TheCorporateCounsel.net

January 23, 2023

The State of Corporate ESG Programs

Thompson Hine recently released its second annual survey of corporate ESG programs. The survey addresses a variety of issues associated with those programs.  Here are some of the highlights:

– The top current challenge for respondent private companies is Data Collection (20%) (but not Data Verification (only 2%)), followed by Green Initiatives and Staffing (12% each), and Talent Management/Human Capital and Regulatory Activity (10% each). Risk Management is also a concern (8%).

– Public companies report currently being most concerned with Green Initiatives (23%), followed by Data Verification (15%), Regulatory Activity (13%) and Talent Management/Human Capital (8%).

– Private company respondents reveal that their CEO usually has primary responsibility for ESG oversight (35%, compared to 31% last year). However, while 25% of public companies surveyed last year said their CEO had primary ESG responsibility, this year that number dropped to only 8%, with the Chief Sustainability Officer assuming that role 28% of the time.

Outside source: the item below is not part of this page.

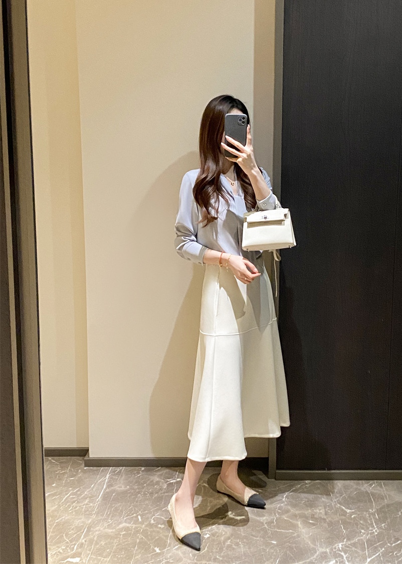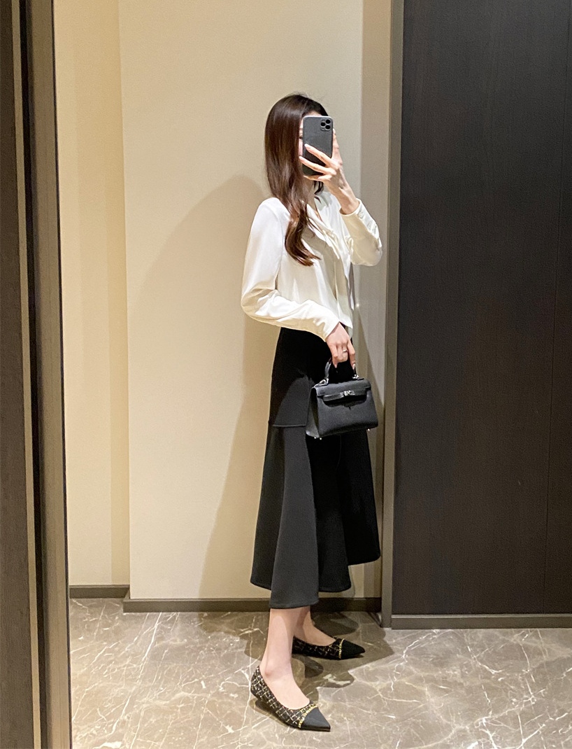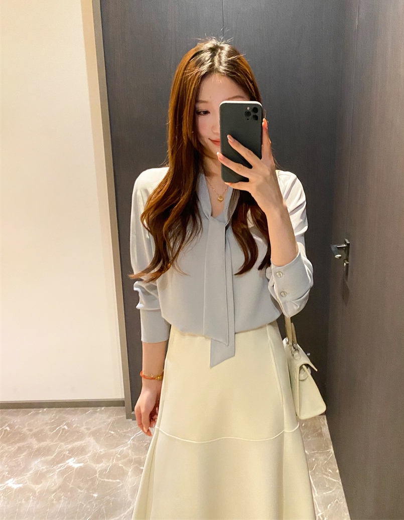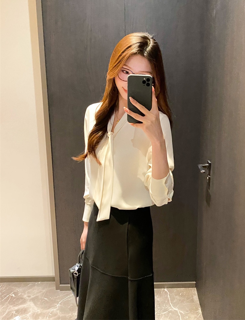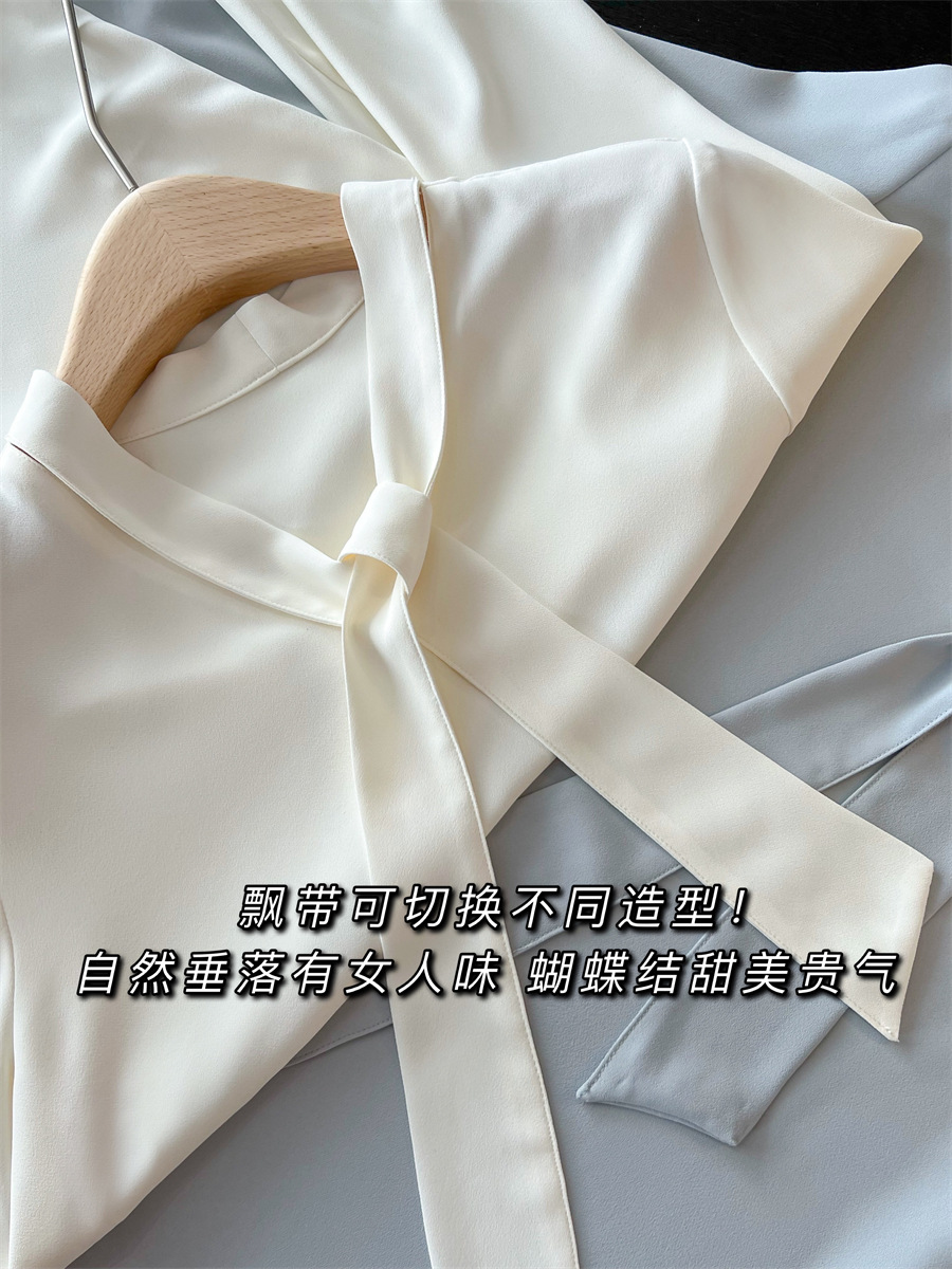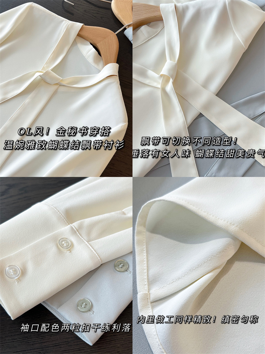 温婉雅致飘带衬衫,通勤休闲都~衬衫的地位一直是“芜人能及”,加捻垂感,有挺度,不易钩纱狠抗皱细腻柔软,挺括立体,舒适肤白色也不会透。

– While the majority of respondent companies are not yet seeking ESG information or obligations through their contractual arrangements, 24% of private companies and 31% of public companies report they are doing so.

– 53% of respondent companies’ customers are not currently requiring them to report ESG information, but 34% of customers are asking for information on GHG emissions, 25% want DEI data and 21% are concerned about human capital.

Of course, the elephant in the room this year when it comes to corporate ESG programs is the looming adoption of the SEC’s proposed climate disclosure rules. That’s not lost on survey respondents – not only are 79% of public companies preparing to follow the mandates of the draft SEC rule, but so are 30% of private companies.